“Why you for the job? Or why do I want you after everything you’ve done to me?”
“The job.” The answer to the other was ‘control.’ She’d learned that months ago.
“Because you can hide what you are so damn well now, Silver. That’s a good trick. And you came in long after Ace and his father left the Pride. He won’t know you. You’re unregistered. All you have to do is play innocent, and you’re the best at playing innocent, aren’t you, Silver?”
She bit the corner of her lip and watched a tall man built like a brick house duck under the Grand Opening sign.
“Say yes sir again,” he ground out.
“Yes sir,” she said automatically.
“Good. Now go shove your tits in Captain’s face. It’s your talent. Just need you around the Crew for a couple of weeks, and feed me the information I need, and then you can come home to a hero’s welcome. The shun will be lifted if you do well enough. This is your chance, Silver.”
“My chance,” she repeated softly.
“Your chance to prove you are no longer a traitor.”
The line clicked and went blank, and she poked the icon that opened the tracking application on her phone. Rook was still in Pride territory. He could see her whereabouts too, so she didn’t really know why he had asked if she was here yet. He had an eye on everything she did. She liked to check the tracking application to make sure he was far away from here still.
Okay, this was her chance. Maybe if she did this, people in the Pride would start talking to her again. Maybe she could eat with the others. Maybe people would hug her and settle the loneliness her animal had been struggling with.
Rook was right. This was her chance.
Silver flipped down the visor mirror and checked her make-up, careful to not look at the big scar down the side of her face that announced to the world that she had betrayed her people.
That scar was her biggest shame.
Silver cut the engine, pushed the door open and clutched her purse closer to her side as she strode across the freshly laid gravel of the parking lot.
Moosey’s BBQ was a restaurant and gas station combination. Ace Holland, the true King of the Holland Pride, would be working on the gas station side, but he wasn’t the reason she was here. She wasn’t here to kill him. That time had not come. The Pride would exact their revenge on him eventually. She was here to do recon on his entire Crew, because to a King like Rook, it wasn’t enough to kill for vengeance. He would make Ace watch everyone he loved die first.
Captain Walker was the brother of the Alpha of the Fastlanders, and a grizzly shifter. She had studied his online shifter registration, and gathered as much on him as she could. Grizzlies were intimidating for a couple of reasons. One, their animals were enormous and the aggression went to a level-ten as soon as they shifted. Two, most of them lacked the control of a lion shifter. Volatile shifters were just a dangerous beast to mess with, and here she was, on her way to grab one’s attention.
Captain was the pit-master for the barbecue side of this new business.
She hated the way her hands shook as she reached for the door handle. She’d heard so many stories of the shifters of Damon’s Mountains, and none of them encouraged trying to bring down one of them.
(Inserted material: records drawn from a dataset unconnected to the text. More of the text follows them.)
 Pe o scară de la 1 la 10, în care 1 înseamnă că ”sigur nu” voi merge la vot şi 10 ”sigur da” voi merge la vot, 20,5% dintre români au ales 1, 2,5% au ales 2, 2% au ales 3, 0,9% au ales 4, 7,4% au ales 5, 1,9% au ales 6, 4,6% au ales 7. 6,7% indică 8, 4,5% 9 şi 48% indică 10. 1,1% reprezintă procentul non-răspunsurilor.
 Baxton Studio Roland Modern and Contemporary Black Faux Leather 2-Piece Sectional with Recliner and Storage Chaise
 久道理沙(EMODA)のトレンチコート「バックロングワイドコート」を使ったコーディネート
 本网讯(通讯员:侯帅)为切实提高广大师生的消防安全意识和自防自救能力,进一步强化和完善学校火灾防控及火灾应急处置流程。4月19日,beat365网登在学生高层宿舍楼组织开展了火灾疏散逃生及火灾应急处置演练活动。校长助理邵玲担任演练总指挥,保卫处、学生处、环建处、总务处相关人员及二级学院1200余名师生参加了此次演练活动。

Getting the attention of the Blue Dragon, Damon Daye, who protected these Crews was a horrible idea, so she would need to be very careful here.
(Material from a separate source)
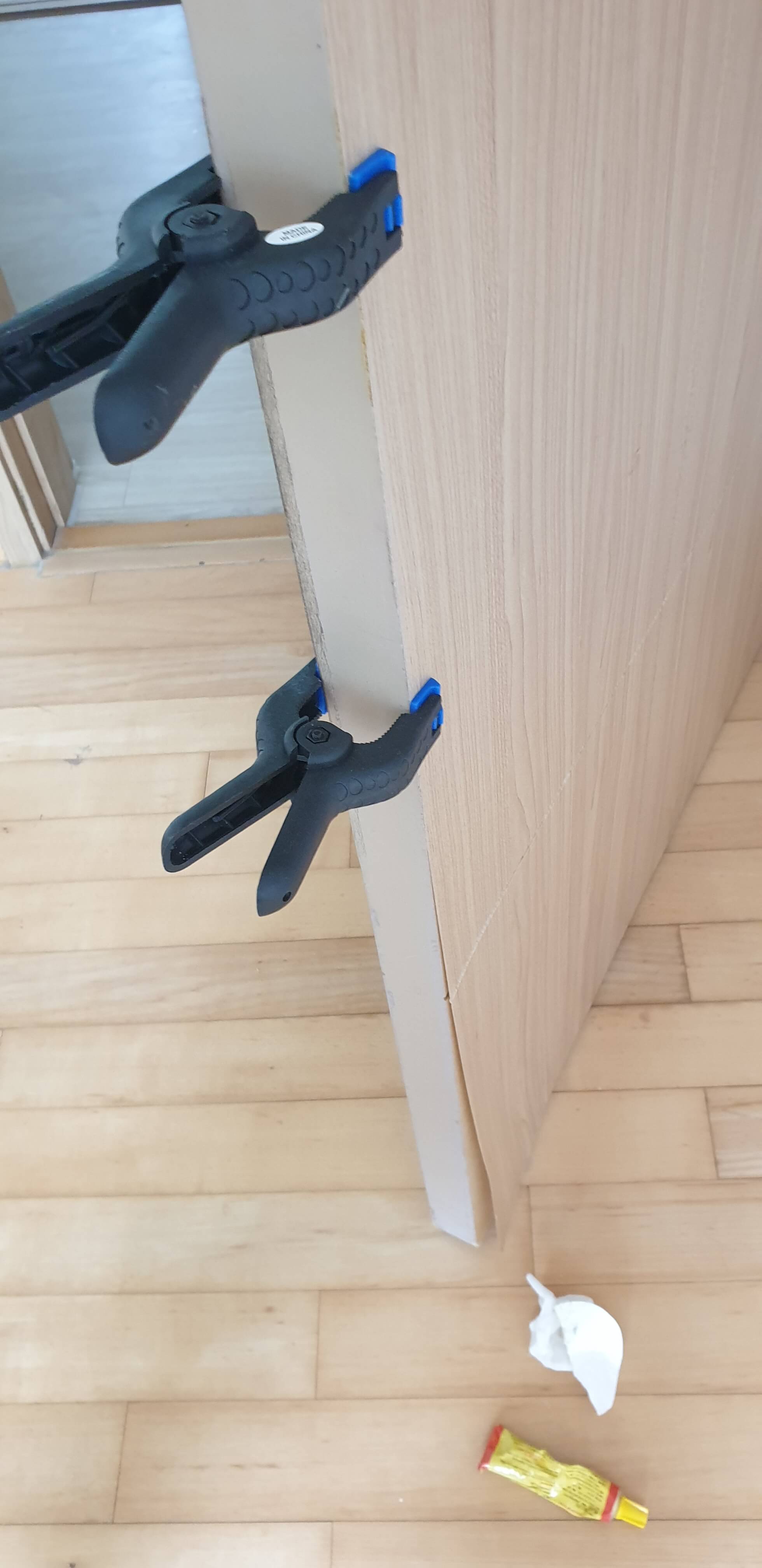 역시 다이소에는 다 있었다. 오공본드를 준비했고, 시트나 필름과 문짝에 잘 붙도록 커다란 집게가 필요했다. 일명 클램프라고 했다. 클램프는 목공작업할 때 목조를 고정해야 할 상황에서 쓰는 목공 공구이다.
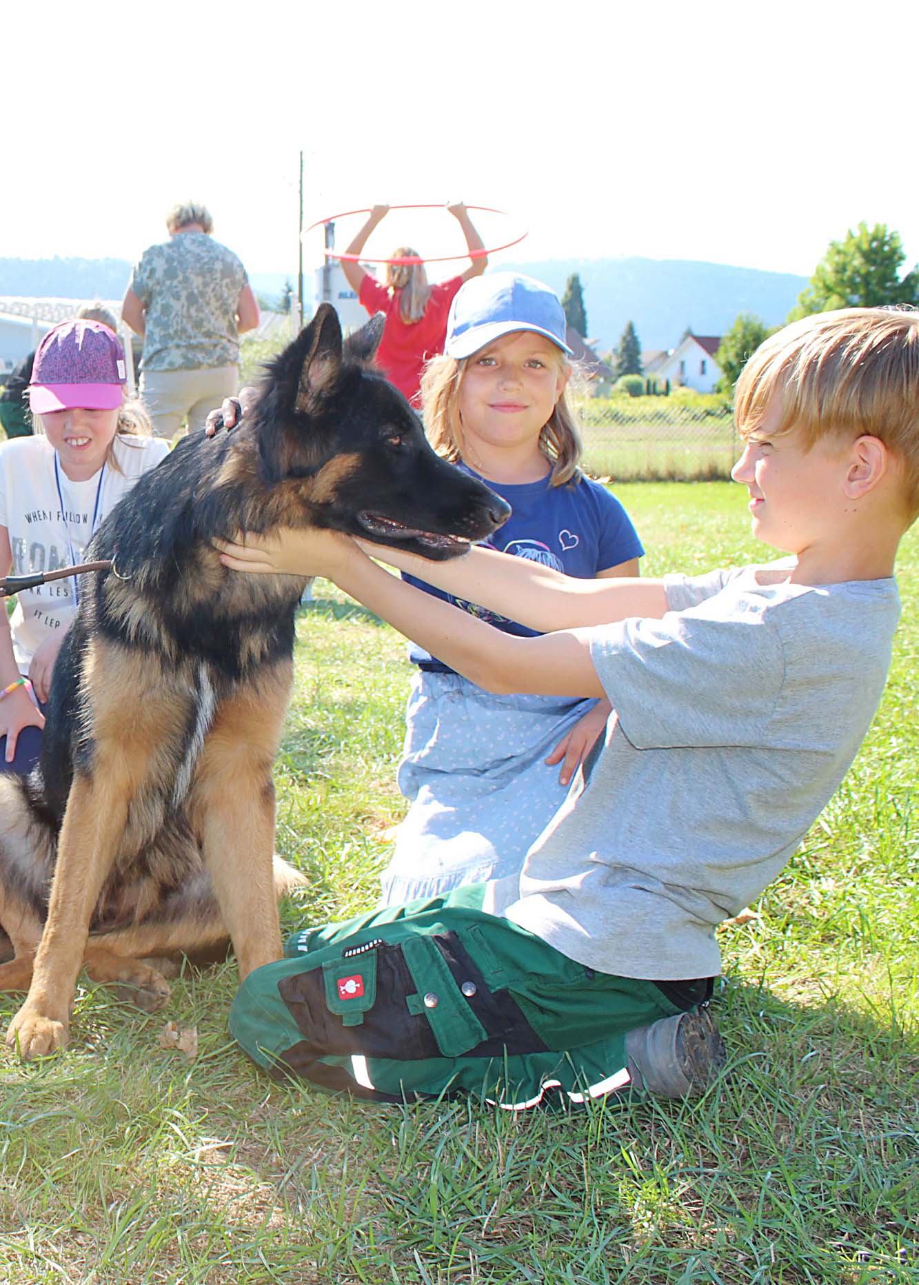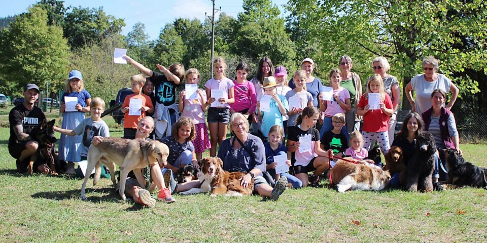 Dieses Mal im Rahmen der Zeller Kinderferienbetreuung unter der Leitung von Melanie Herold, erreichten die Kinder bei schönem Wetter per Pedes den Hundeplatz. Dort übernahm dann Marianne Landler, Schriftführerin und Übungsleiterin des Vereins, das Kommando und führte die Kinder unterstützt von weiteren Vereinsmitgliedern und deren Hunde durch ein buntes und abwechslungsreiches Programm.

Inside of Moosey’s, she looked around, taking in her surroundings, making notes of all the exits.
The garage hangers were open, because it was a warm day, if a little cloudy. There were rows of picnic tables covered in checkered red and white table cloths. There was indoor seating, with an exit to a porch off the side of the building. Her stomach growled at the delicious scent of barbecue smoke, pork ribs, brisket, and buttered corn. The place was crowded, and she pushed up on her toes to see around the line of people that stood in front of a counter.
There were two women working at the cash registers, and a couple of men filling orders and stacking trays of barbecue next to the registers as the women entered in the orders. Farther in the back, a giant barbecue smoker was open but she couldn’t see anyone there. Perhaps Captain was taking a break.
Silver had that spine-tingling feeling that someone was watching her, so she lowered back down off her tiptoes and glanced around, sure to keep her face soft and friendly.
There was a picnic table of people over in the corner and one of the women’s bright green eyes were on her, but she was in the middle of talking to the person across from her, and she didn’t seem to have her attention focused on Silver.
The woman looked back at her friend and belted out one of those throw-your-head-back laughs, and Silver found herself watching so intently. People really laughed like that—like they had no worries in the world.
How strange.
Her stomach growled again. Might as well get some food and check this place out while Captain was on his break, or whatever he was doing. What if he wasn’t working today?
No, that wouldn’t make sense. It was the first week of Moosey’s being open, and the Fastlanders had a big hand in the business. He was the pitmaster. Even if they were training new hires, the pitmaster wouldn’t miss the first week, surely.
She meandered to the back of the line, and gave a tight-lipped smile to a man who stood in front of her. He smiled back. Silver dropped her gaze and then pulled her phone out, just to avoid conversation.
“That’s a shy-girl move,” the man said.